Need some advice on whether to buy a RDA. I have a Wotofo Ice cubed which I get very little flavour from so looking for something a little "better". I decided that I do not want to spend R1000.00 on a RDA at this stage (So no Dotmod or TM for me and DEFINITELY NO CLONES after a bad experience), but would rather start with a good "flavour" authentic RDA. Would the Tsunami be the best option? I usually use tanks either a crown, TFV4 mini or Herakles at between 65 -90 W (depending on the coils and ohms between 0.25 and 0.4). Advice would greatly be appreciated.


----------



## morras (14/6/16)

I cant offer you any advice - i am also looking for my first Rda - will watch the this - hopefully you get lots of advice.

Reactions: Optimistic 1


----------



## PsyCLown (14/6/16)

I get the Tsunami & Velocity mixed up so when I was researching RDA's for great flavour and those two got mentioned I cannot remember which is which 

Although the Sapor was fairly popular along with the Aelous Lite (which I have an I love, although I am still quite new to vaping and have limited experience). Just Googled again and seems the Tsunami is the one a lot of people recommend for beginners and flavour etc. 
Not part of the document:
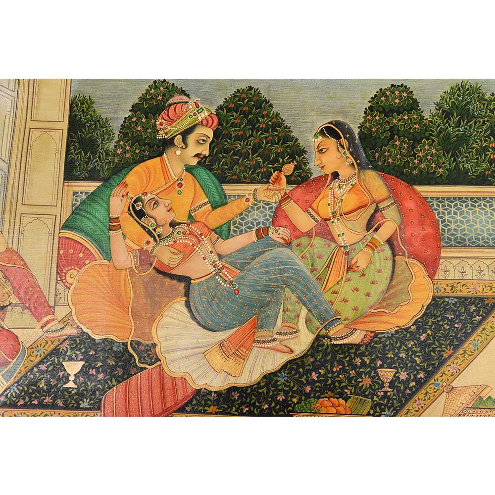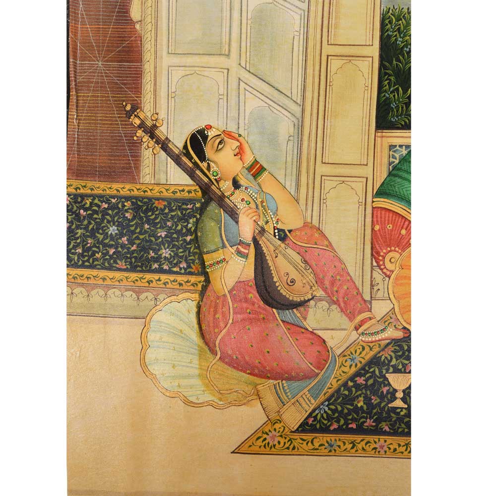 This handmade Mughal Canvas painting wall decoration showpiece will help enhance the beauty and charm of your decoration. Great gift for your loved ones on anniversaries, birthdays, Diwali, and New Year.

So from what I have noticed and with price being a factor these three seem to be quite popular and recommended via Google search results:
Tsunami, Sapor, Aelous Lite.

Reactions: Useful 1


----------



## Rob Fisher (14/6/16)

The Sapor is a fine Dripper!

Reactions: Agree 1


----------



## Migs (14/6/16)

I have the 22mm Tsunami and the 24mm Tsunami, I prefer the 24, same flavour but can handle more juice and wick, all you need to know with any bottle airflow RDA is that if you overdrip, you will leak, also it does get wet at the bottom due to coils burning some juice after you vaped, but none of this bothers me, The Tsunami is like jack of all trades, not the widest airflow but not the best flavour like a Petri. But amazing flavour it does have.

Reactions: Useful 1


----------



## Lex Aer (15/6/16)

From the advice received and a ton of Youtube videos it looks like the best affordable options would be either the Sapor, the Tsunami or the Aeolis lite, with the Sapor and Aeolis (smaller juice well) being best for flavour. Not a lot of reviews on the Tsunami 24mm, as it appears to be a little newer than the other two, but it also appears to be a good RDA. Does not look to be much of a difference between the three, even price wise, between R525 and R550 and stock is available locally. Grimmgreen rates both the Sapor and Aeolis, Riptrippers rates the Sapor (neither has a review on the Tsunami 24mm). Vapin Heathen seems to like the Tsunami. The Tsunami may, if over dripped, leak slightly so there is that concern, but it looks slightly easier to build on.

There you have it, as undecided as I was when asking my initial question.

Well done fellow vapers! (Sorry Morras, back where we started!)


----------